**PROVIDED RECORDS**
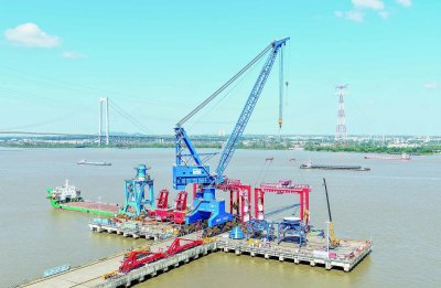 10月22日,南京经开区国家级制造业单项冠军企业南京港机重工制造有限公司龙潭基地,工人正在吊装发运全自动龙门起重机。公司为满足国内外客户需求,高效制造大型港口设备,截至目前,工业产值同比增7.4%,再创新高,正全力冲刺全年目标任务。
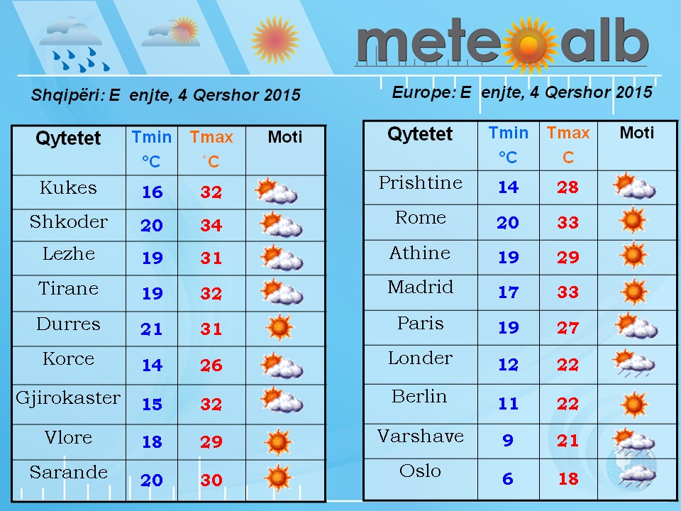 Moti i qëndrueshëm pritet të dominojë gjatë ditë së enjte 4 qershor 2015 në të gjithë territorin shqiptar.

---

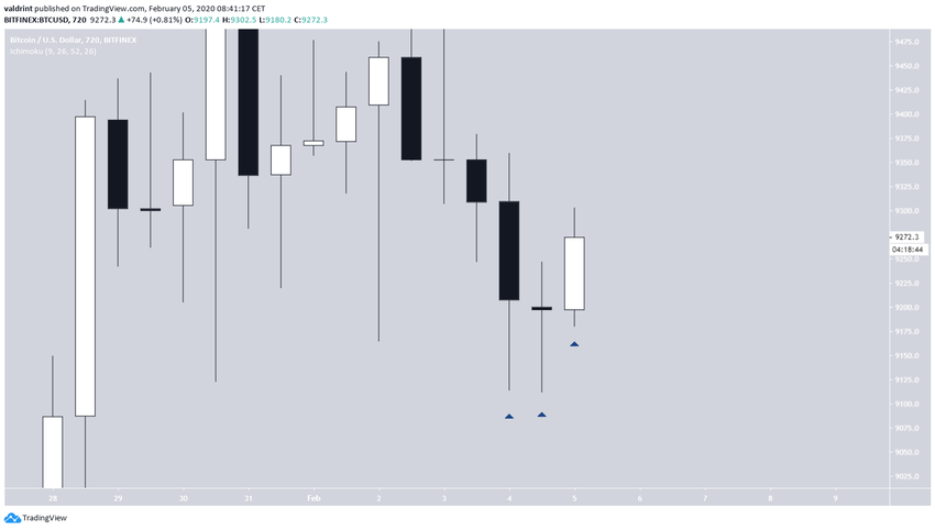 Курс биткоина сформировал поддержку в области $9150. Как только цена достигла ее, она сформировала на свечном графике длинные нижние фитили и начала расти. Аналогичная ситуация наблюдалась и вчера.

---

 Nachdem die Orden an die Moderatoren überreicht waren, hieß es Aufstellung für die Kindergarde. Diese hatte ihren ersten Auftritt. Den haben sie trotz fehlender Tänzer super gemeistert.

**PROBLEM DESCRIPTION**
Within the listing above, copy exactly the lines that start at the one with "10月22日,南京经开区国家" and continue through the one with "Moti i qëndrueshëm". Omit pictures.

**ANSWER TO THE EXERCISE**
 10月22日,南京经开区国家级制造业单项冠军企业南京港机重工制造有限公司龙潭基地,工人正在吊装发运全自动龙门起重机。公司为满足国内外客户需求,高效制造大型港口设备,截至目前,工业产值同比增7.4%,再创新高,正全力冲刺全年目标任务。
 Moti i qëndrueshëm pritet të dominojë gjatë ditë së enjte 4 qershor 2015 në të gjithë territorin shqiptar.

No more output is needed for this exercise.